SUPREME COURT, APPELLATE TERM, SECOND DEPARTMENT, 9th and 10th JUDICIAL DISTRICTS
PRESENT: : IANNACCI, J.P., MARANO and TOLBERT, JJ.
2012-2210 S C

Citibank (South Dakota) N.A., Respondent,

against

Harold B. Hofmann, Appellant.

[*1]

Appeal from a judgment of the District Court of Suffolk County, Fourth District (C. Stephen Hackeling, J.), entered April 2, 2012. The judgment, after a nonjury trial, awarded plaintiff the principal sum of $12,353.88.

ORDERED that the judgment is affirmed, without costs.

Plaintiff commenced this action to recover for breach of a credit card agreement and upon an account stated. Following a nonjury trial, the District Court awarded plaintiff the principal sum of $12,353.88 based upon the cause of action for an account stated.

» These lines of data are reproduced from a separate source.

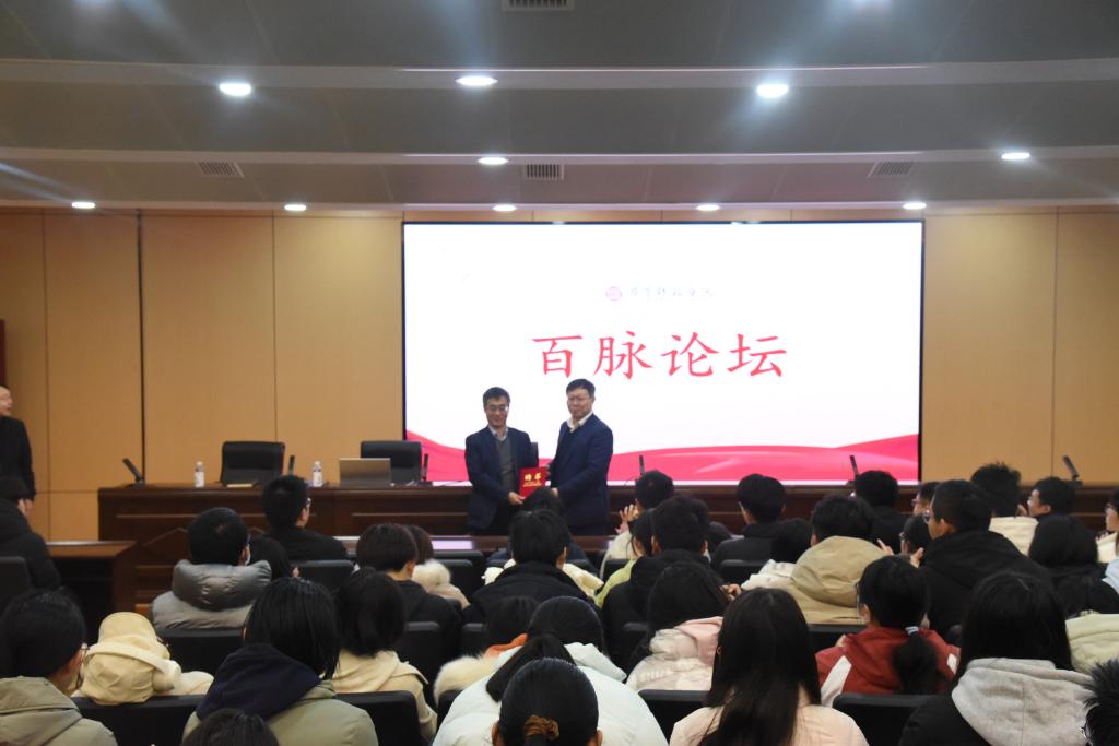 12月1日,由科研处主办,中国乡村调查研究中心、文学与历史文化学院承办的“百脉论坛”第25期讲座在章丘校区第二学术报告厅举行,天水师范学院教务处处长、国家二级教授、硕士生导师郭昭第受邀作报告。讲座开始前,学校党委书记林松柏与其进行亲切会见并颁发“特聘教授”荣誉证书。文学与历史文化学院院长张文哲主持讲座,学院百余名师生聆听报告。
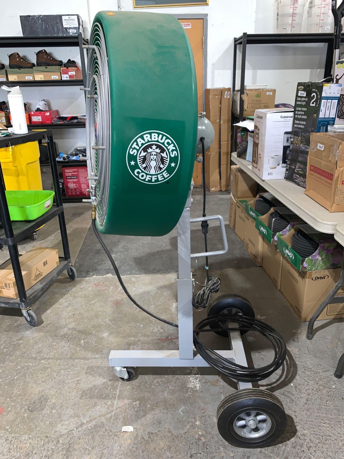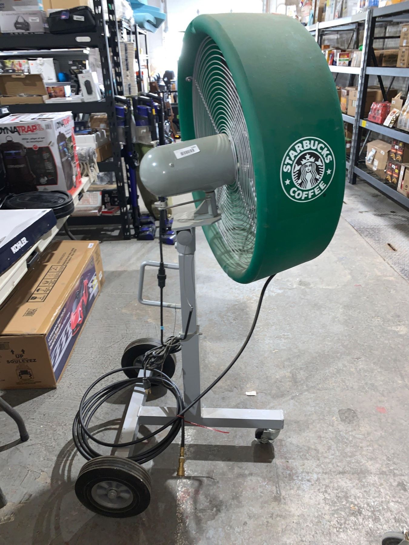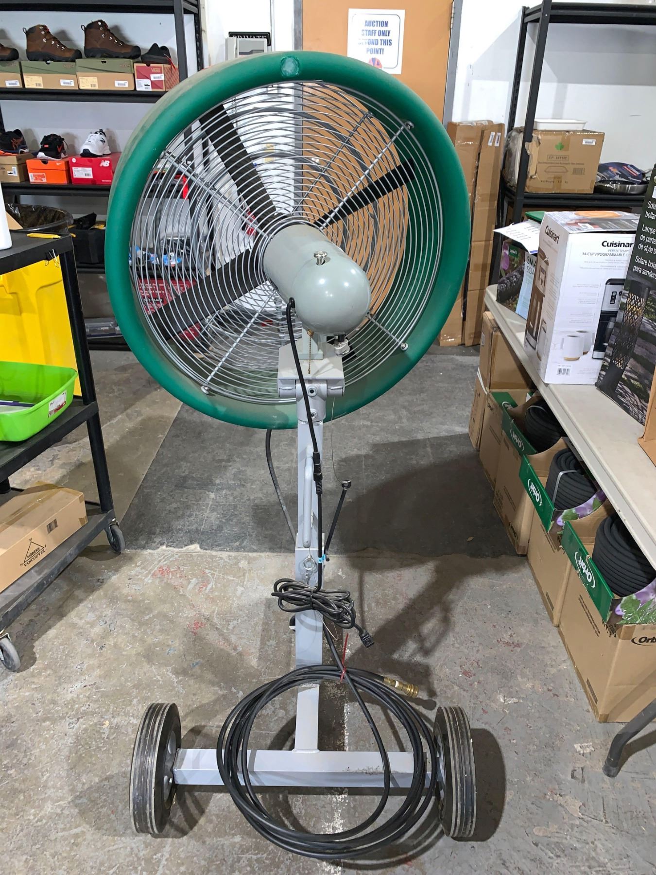Industrial Fan on Wheels with Quick Connect Water Misting Hose
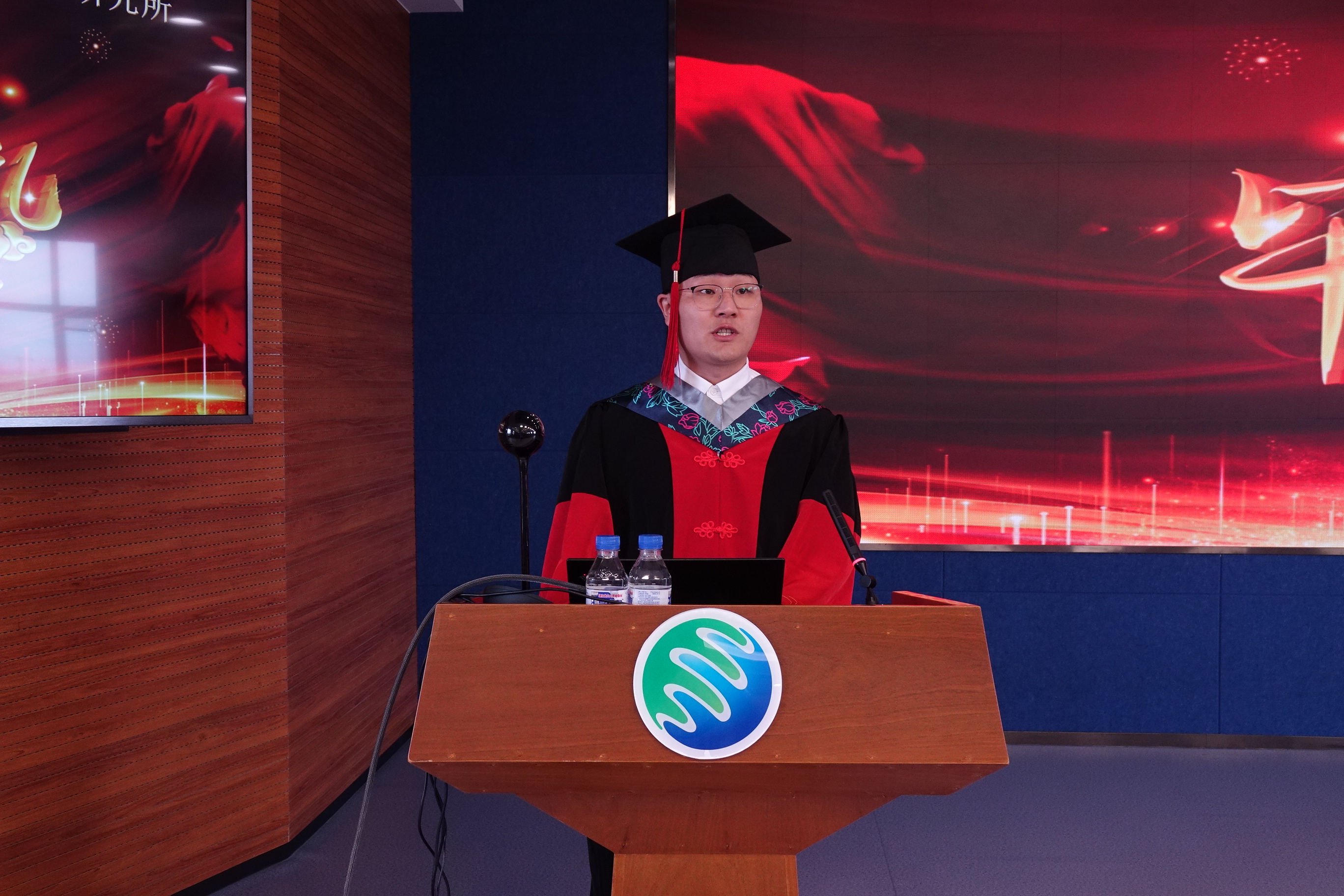 博士畢業生崔虎、碩士畢業生李紹陽代表全體博士和碩士畢業生發言,他們的發言回顧了入學時的欣喜、治學時的艱辛、迷茫時的求索、成果發表時的激動,表達了對母校的眷戀、對導師的感激。他們對未來滿懷憧憬,并勵志用青春和熱血報效祖國。他們以優異的成績畢業,為自己在東北地理所的求學生涯提交了圓滿的答卷。
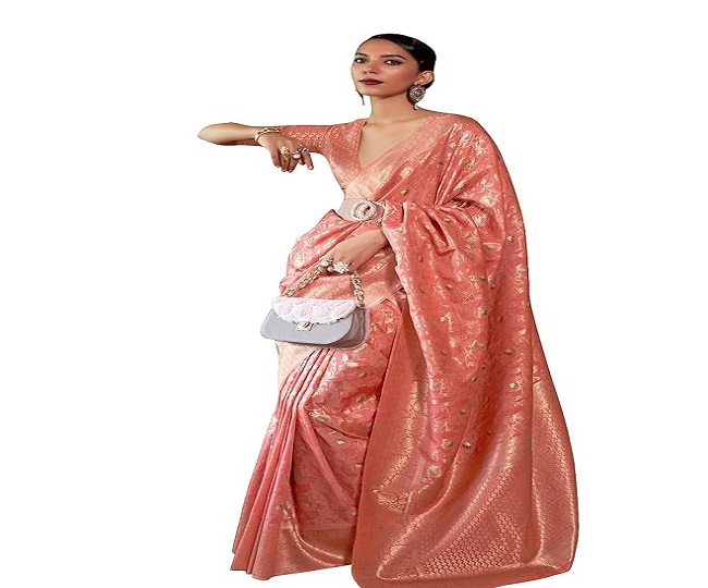 पार्टी वियर, शादी, फंक्शन आदि में इस सिल्क साड़ी को पहन सकते हैं। इसका पीच कलर महिलाओं पर काफी ज्यादा खिलता है। साथ ही इसके साथ ब्लाउज पीस भी मिलता है, जिसे आप अपने अनुसार सिल्वा सकती है।
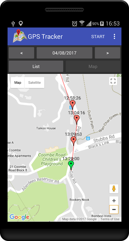 GPS Tracker runs in the background and records the current position of the device. The records can be displayed as a list or grapical as a route on a map. This app works independently of Google Play Services and the Google Maps app.
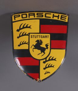 Plaque émaillée, 45 x 36. Sujet : l’écu de la marque automobile. Quelques coups et usures, sinon en bonne condition.
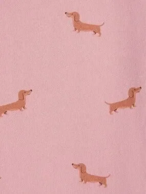 Soft pink sweatshirt and matching shorts with a playful dachshund all-over print. Relaxed, cozy fit with a drawstring waist for adjustable comfort. Easy-to-wear pink set that pairs well with casual shoes for laid-back days. Gentle fabric that feels soft against skin.
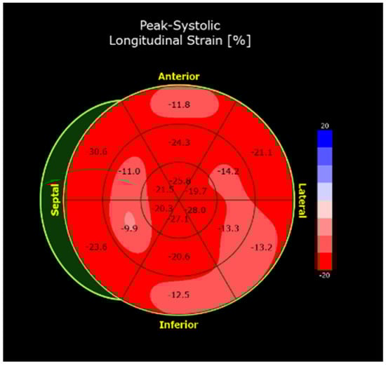 Bull’s-eye plot of GLS analysis shows a “reverse apical sparing” pattern, with lower longitudinal shortening values in some mid-basal segments (light red) and preserved values in apical segments (red). In clinical practice, values less negative than -16% are considered reduced [].
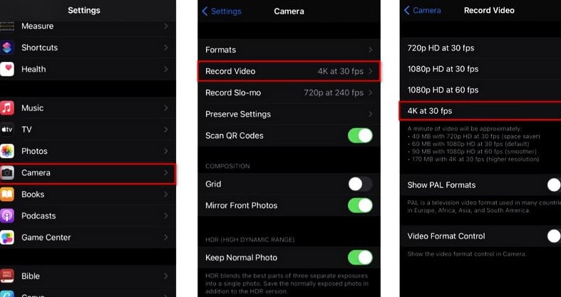 Перейдите в (Настройки — Камера — Видеозапись) и выберите режим 4к при 30 кадрах в секунду. Такой формат обеспечивает детализированные и плавные ролики, которые выглядят профессионально.
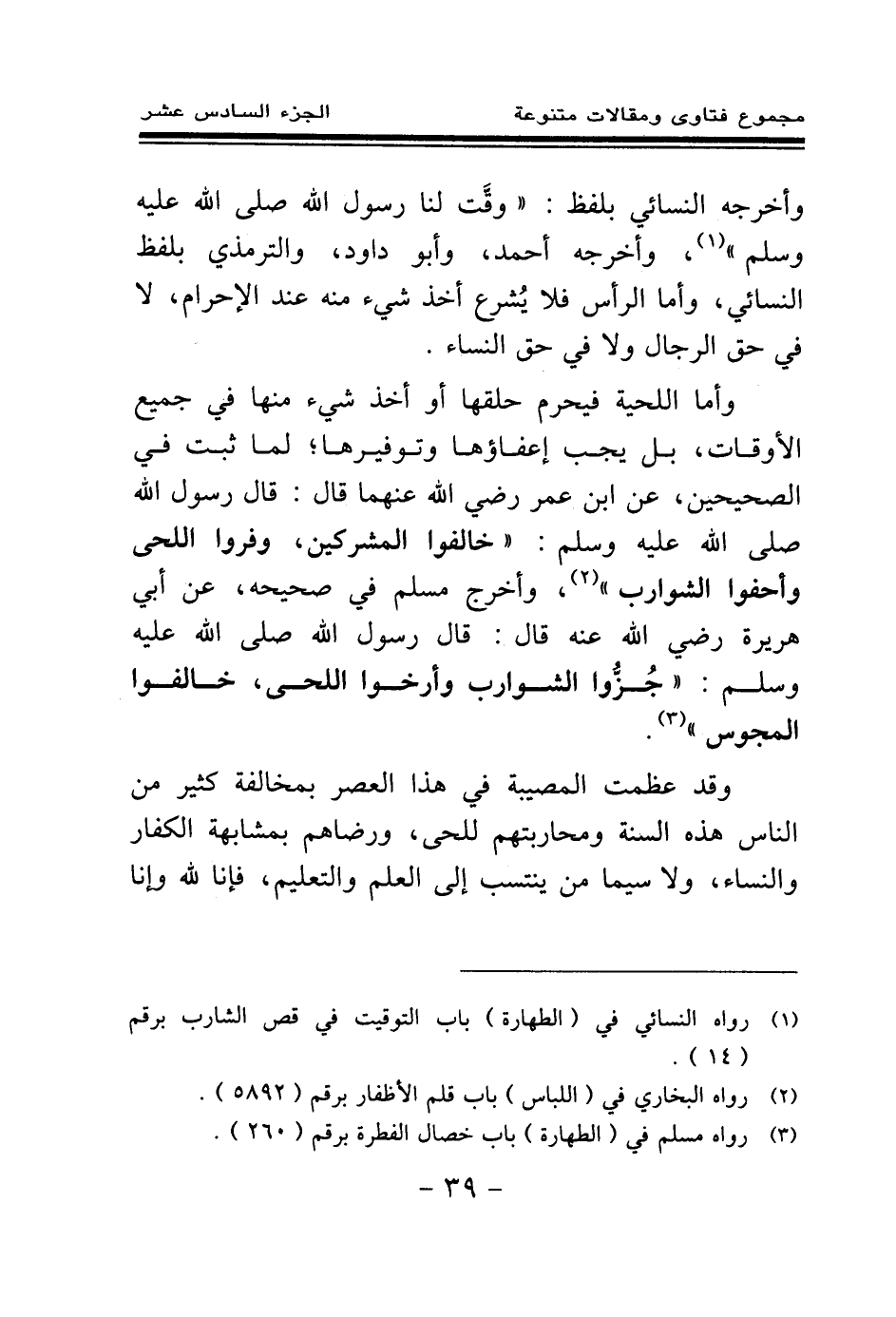 وقد عظمت المصيبة في هذا العصر بمخالفة كثير من الناس هذه السنة ومحاربتهم للحى، ورضاهم بمشابهة الكفار والنساء، ولا سيما من ينتسب إلى العلم والتعليم، فإنا لله وإنا

Contrary to defendant's contention on appeal, the evidence adduced at trial established that monthly credit card billing statements had been sent to defendant at his residence in Bay Shore, New York and that defendant had failed to raise any objection to the statements within a reasonable time. The decision of a fact-finding court should not be disturbed upon appeal unless it is obvious that the court's conclusions could not be reached under any fair interpretation of the evidence (see Claridge Gardens v Menotti, 160 AD2d 544 [1990]). We find no basis to disturb the District Court's determinations. Defendant's remaining contentions are either unpreserved for appellate review or without merit.

Accordingly, the judgment is affirmed.

Iannacci, J.P., Marano and Tolbert, JJ., concur.